Follow up: I redid one of the graphs to satisfy my own interest in the question. Instead of averaging over all the movies ever released like the article did, I averaged over all the votes. This was an attempt to answer the question of whether the average viewing experience of a film from year x is better or worse than that of a film from year y.
I found that there has been a noticeable decline in the average rating of over half a point (out of 10) since ~1930 or so. https://i.imgur.com/bY9vPvk.png
I think this should be explained in a combination of two ways:
* History acts as a filter. If I choose to watch a movie from 1947 it's probably because a lot of people over the years have said it's good.
* To some extent, older movies may really be better than more recent ones.
I still suspect that the blockbuster effect means that the movies people are mostly to watch are going to receive higher ratings than the average film overall. And this is mostly because people rating blockbusters are less critical than the film-viewing community as a whole. So while there might be no "recency bias" of the kind this article was looking for, there might be blockbuster bias where in the last several decades studios have figured out how to capitalize on a less critical / cynical audience. (That hockey stick graph of 8-10 ratings in the article is certainly suggestive.)
Actually -- one more follow up for the zero people who will read this -- there's a simpler explanation, which other people who do these kinds of statistics should probably note.
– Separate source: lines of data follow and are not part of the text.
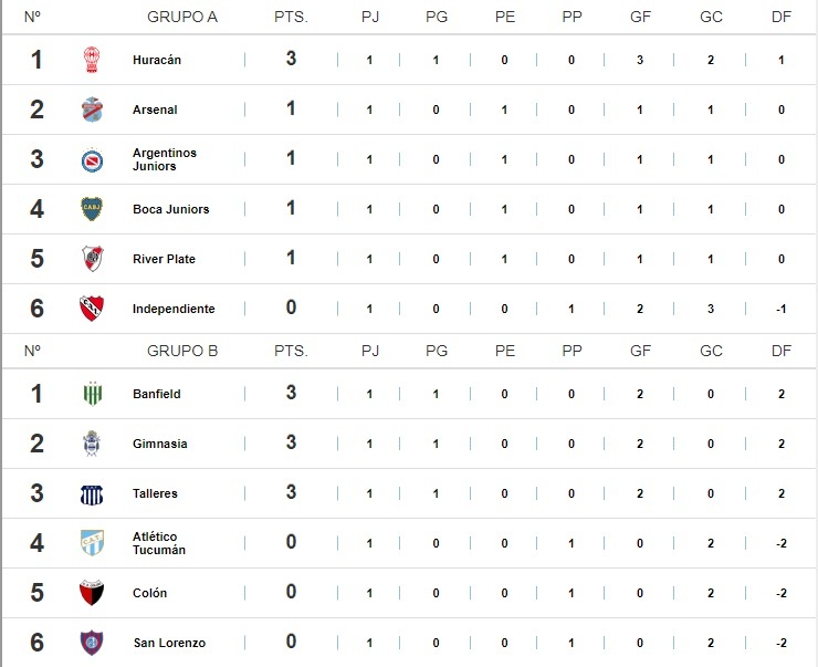 En la zona 2, donde participa Colón, 3 equipos están arriba con 3 unidades: Banfield, Gimnasia y Talleres, mientras que Colón, Atlético Tucumán y San Lorenzo tienen 0.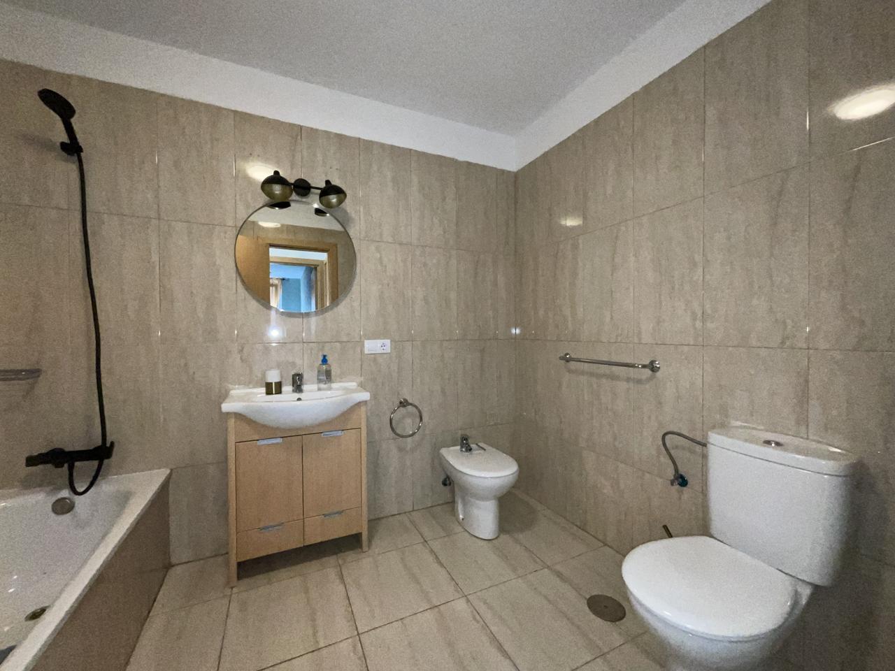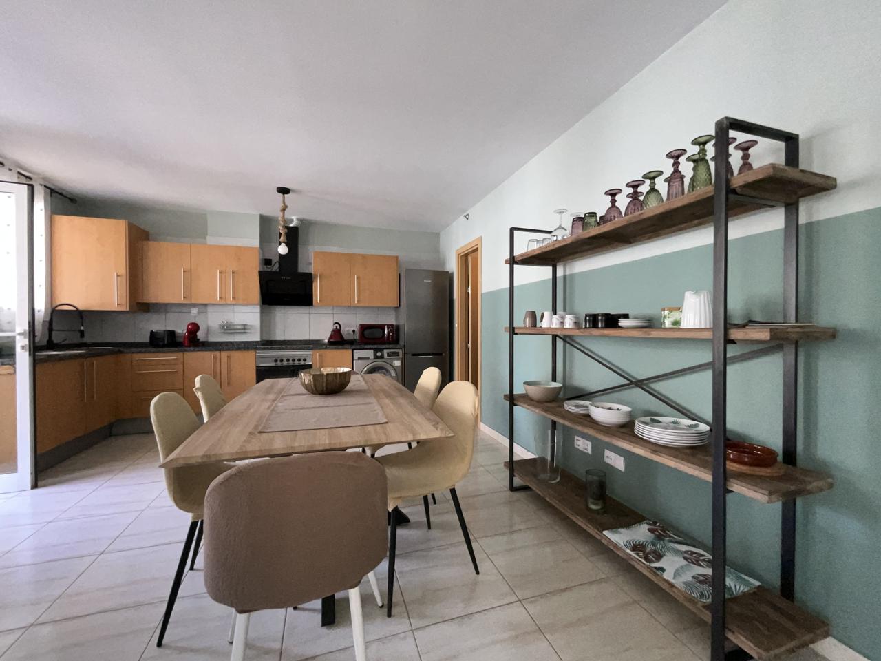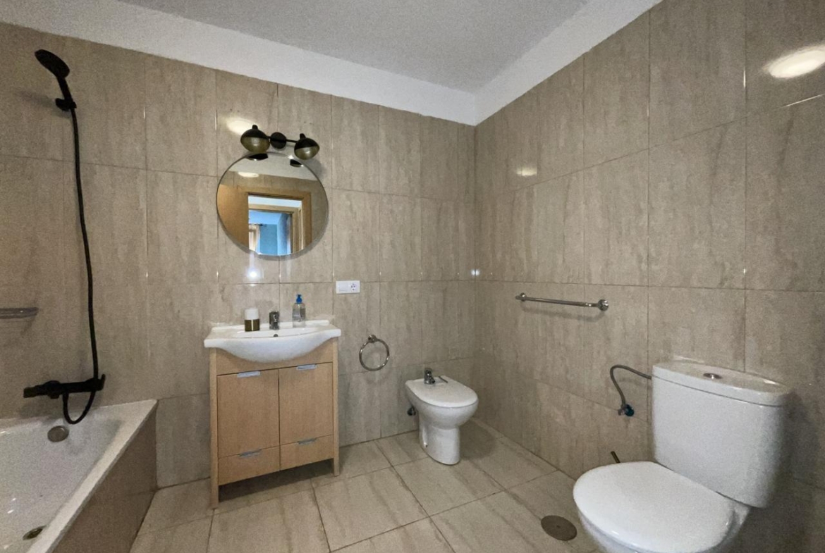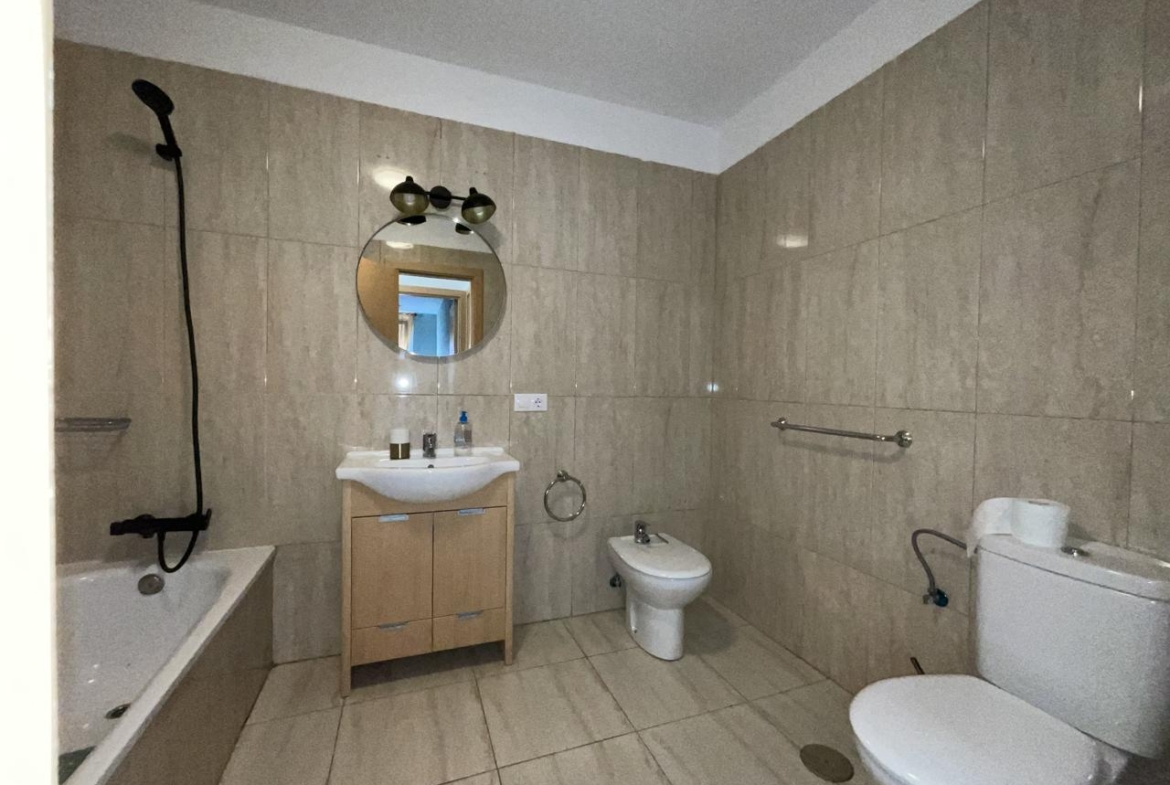 Diese außergewöhnliche Erdgeschosswohnung, die komplett renoviert wurde, bietet einen modernen und komfortablen Raum, der sofort bezugsfertig ist. Mit einer Wohnfläche von 110 m² und 140 m² bebauter Fläche verfügt sie über zwei Schlafzimmer, die mit Einbauschränken und Betten ausgestattet sind, sowie über zwei Bäder. Das geräumige Wohnzimmer geht harmonisch in die offene Küche über und bietet eine gemütliche und funktionelle Atmosphäre.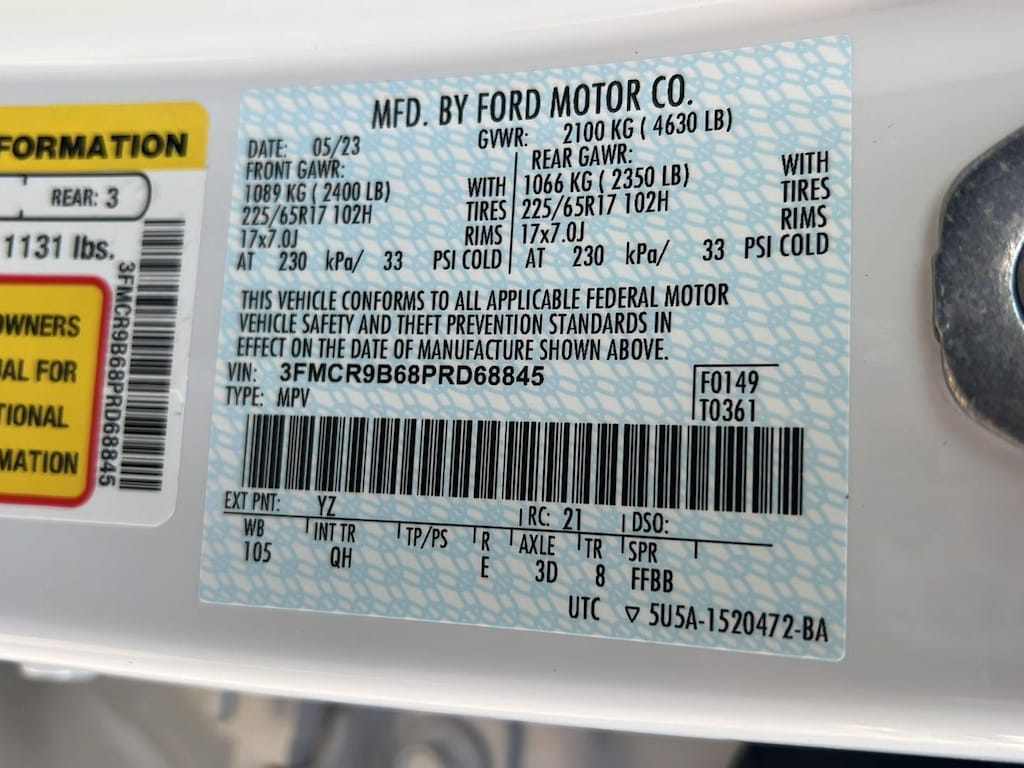 ENGINE: 1.5L ECOBOOST, OXFORD WHITE, EBONY, UNIQUE CLOTH FRONT BUCKET SEATS

The average rating between 1920 and 1980 fluctuated at about 7.5. Then the number of movies exploded, and the variability in quality of them exploded even more than that. Movies that were better than the 1980 average had their ratings compressed (you can only do a little better than 7.5 on IMDB). Movies that were worse were much less compressed (you can easily do much worse than a 7.5). So the average gets dragged down since there are now both more movies getting 0-4s and movies getting 8-10s.
I realized this after plotting the median, not the mean, and observing that it stays remarkably constant, and possibly even shows a little recency bias for the last 2 years.
Part of the reason I make data vizzes is so people can expand on the ideas, so there's no issue there! (as long as proper credit is given to the original work)